Cytology or Multiparameter Flow Cytometry Positivity in the Cerebrospinal Fluid Before Transplantation is Predictive of Poor Outcomes After Allotransplantation in Acute Myeloid Leukemia Patients.

INTRODUCTION: Central nervous system leukemia (CNSL) remains a serious complication in patients with acute myeloid leukemia (AML) and an ambiguous prognostic factor for those receiving allo-geneic hematopoiesis stem cell transplantation (allo-HSCT). It is unknown whether using more sensitive tools, such as multiparameter flow cytometry (MFC), to detect blasts in the cerebrospinal fluid (CSF) would have an impact on outcome.
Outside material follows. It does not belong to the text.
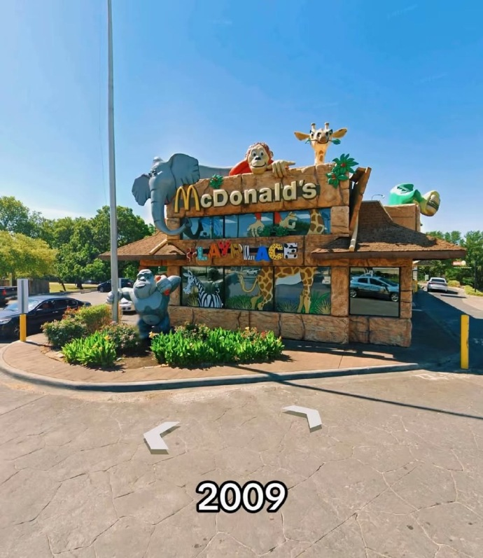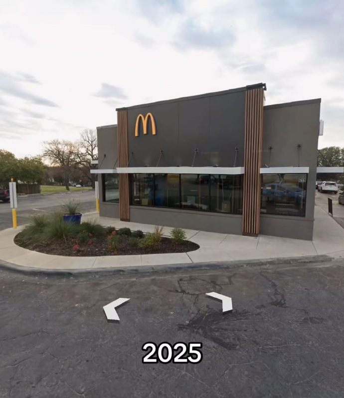 两张照片中,标注为2009年的麦当劳门店卡通元素众多,显得童趣十足;而标注为2025年的麦当劳门店则是更偏重于现代审美的高级简约风。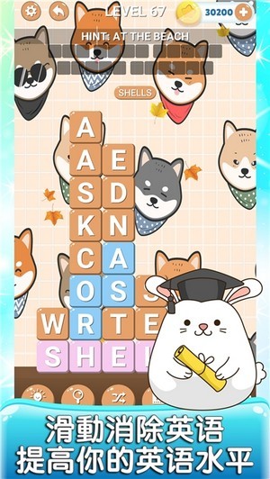 2、可爱的令人费解的英文游戏,滑动消除了英文单词以及单词拼写过关。

METHODS: We retrospectively analyzed the clinical outcomes of 1472 AML patients with or without cytology or MFC positivity in the CSF before transplantation. Abnormal CSF (CSF+) was detected via conventional cytology and MFC in 44 patients at any time after diagnosis. A control group of 175 CSF-normal (CSF-) patients was generated via propensity score matching (PSM) analyses according to sex, age at transplant, and white blood cell count at diagnosis. RESULTS: Compared to those in the CSF-negative group, the conventional cytology positive and MFC+ groups had comparable 8-year nonrelapse mortality (NRM) (4%, 4%, and 6%, p = 0.82), higher cumulative incidence of relapse (CIR) (14%, 31%, and 32%, p = 0.007), lower leukemia-free survival (LFS) (79%, 63%, and 64%, p = 0.024), and overall survival (OS) (83%, 63%, and 68%, p = 0.021), with no significant differences between the conventional cytology positive and MFC+ groups. Furthermore, multivariate analysis confirmed that CSF involvement was an independent factor affecting OS and LFS. CONCLUSION: Our results indicate that pretransplant CSF abnormalities are adverse factors independently affecting OS and LFS after allotransplantation in AML patients.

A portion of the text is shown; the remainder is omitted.